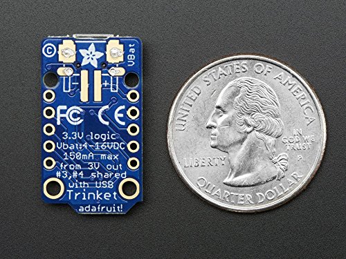Trinket may be small, but do not be fooled by its size! It's a tiny microcontroller board, built around the Atmel ATtiny85, a little chip with a lot of power. We wanted to design a microcontroller board that was small enough to fit into any project, and low cost enough to use without hesitation. Perfect for when you don't want to give up your expensive dev-board and you aren't willing to take apart the project you worked so hard to design. It's our lowest-cost arduino-IDE programmable board!The Attiny85 is a fun processor because despite being so small, it has 8K of flash, and 5 I/O pins, including analog inputs and PWM 'analog' outputs. We designed a USB bootloader so you can plug it into any computer and reprogram it over a USB port just like an Arduino. In fact we even made some simple modifications to the Arduino IDE so that it works like a mini-Arduino board. You can't stack a big shield on it but for many small & simple projects the Trinket will be your go-to platform.
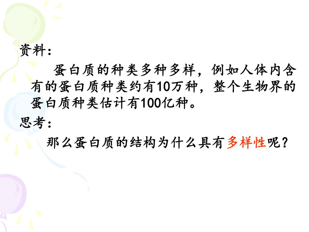 资料: 蛋白质的种类多种多样,例如人体内含有的蛋白质种类约有10万种,整个生物界的蛋白质种类估计有100亿种。 思考: 那么蛋白质的结构为什么具有多样性呢?
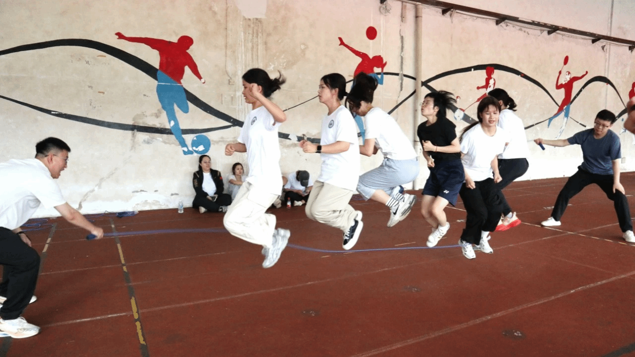 在欢乐跳绳中,当数位队员同时起跳时,那整齐划一的动作仿佛形成了一道美丽的风景线。伴随着欢快的音乐节奏,整个操场沉浸在一片喜庆的氛围之中。
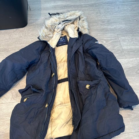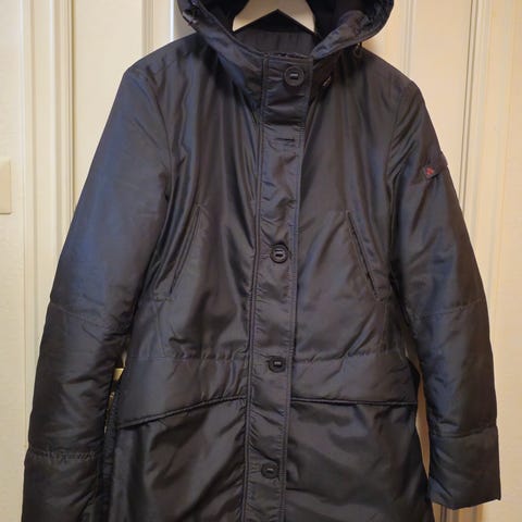 Blå parkas str 44 (italiensk) tilsvarer liten 38. Jakken er fylt med gåsedun. Fra kvalitetsmerket Peuterey. Fin slank modell.
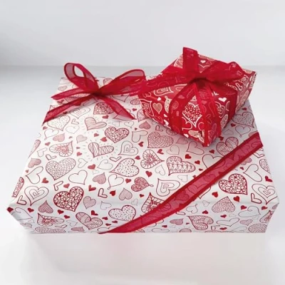 Valentines wrapping paper With Ribbon. 4 XL Sheets (50 x 70cm). Red/White Hearts twin pack. Ideal for Anniversary, Wedding, Birthday, Valentines, Wife or Girlfriend. 3 metres of Red
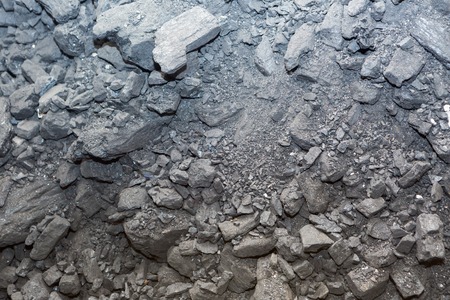A close-up of coal chunks on a rough, dark surface, with scattered coal dust. No people, copy space

The problem:
Print all the entries again exactly as written, but without the pictures.

Response:
Trinket may be small, but do not be fooled by its size! It's a tiny microcontroller board, built around the Atmel ATtiny85, a little chip with a lot of power. We wanted to design a microcontroller board that was small enough to fit into any project, and low cost enough to use without hesitation. Perfect for when you don't want to give up your expensive dev-board and you aren't willing to take apart the project you worked so hard to design. It's our lowest-cost arduino-IDE programmable board!The Attiny85 is a fun processor because despite being so small, it has 8K of flash, and 5 I/O pins, including analog inputs and PWM 'analog' outputs. We designed a USB bootloader so you can plug it into any computer and reprogram it over a USB port just like an Arduino. In fact we even made some simple modifications to the Arduino IDE so that it works like a mini-Arduino board. You can't stack a big shield on it but for many small & simple projects the Trinket will be your go-to platform.
 资料: 蛋白质的种类多种多样,例如人体内含有的蛋白质种类约有10万种,整个生物界的蛋白质种类估计有100亿种。 思考: 那么蛋白质的结构为什么具有多样性呢?
 在欢乐跳绳中,当数位队员同时起跳时,那整齐划一的动作仿佛形成了一道美丽的风景线。伴随着欢快的音乐节奏,整个操场沉浸在一片喜庆的氛围之中。
 Blå parkas str 44 (italiensk) tilsvarer liten 38. Jakken er fylt med gåsedun. Fra kvalitetsmerket Peuterey. Fin slank modell.
 Valentines wrapping paper With Ribbon. 4 XL Sheets (50 x 70cm). Red/White Hearts twin pack. Ideal for Anniversary, Wedding, Birthday, Valentines, Wife or Girlfriend. 3 metres of Red
A close-up of coal chunks on a rough, dark surface, with scattered coal dust. No people, copy space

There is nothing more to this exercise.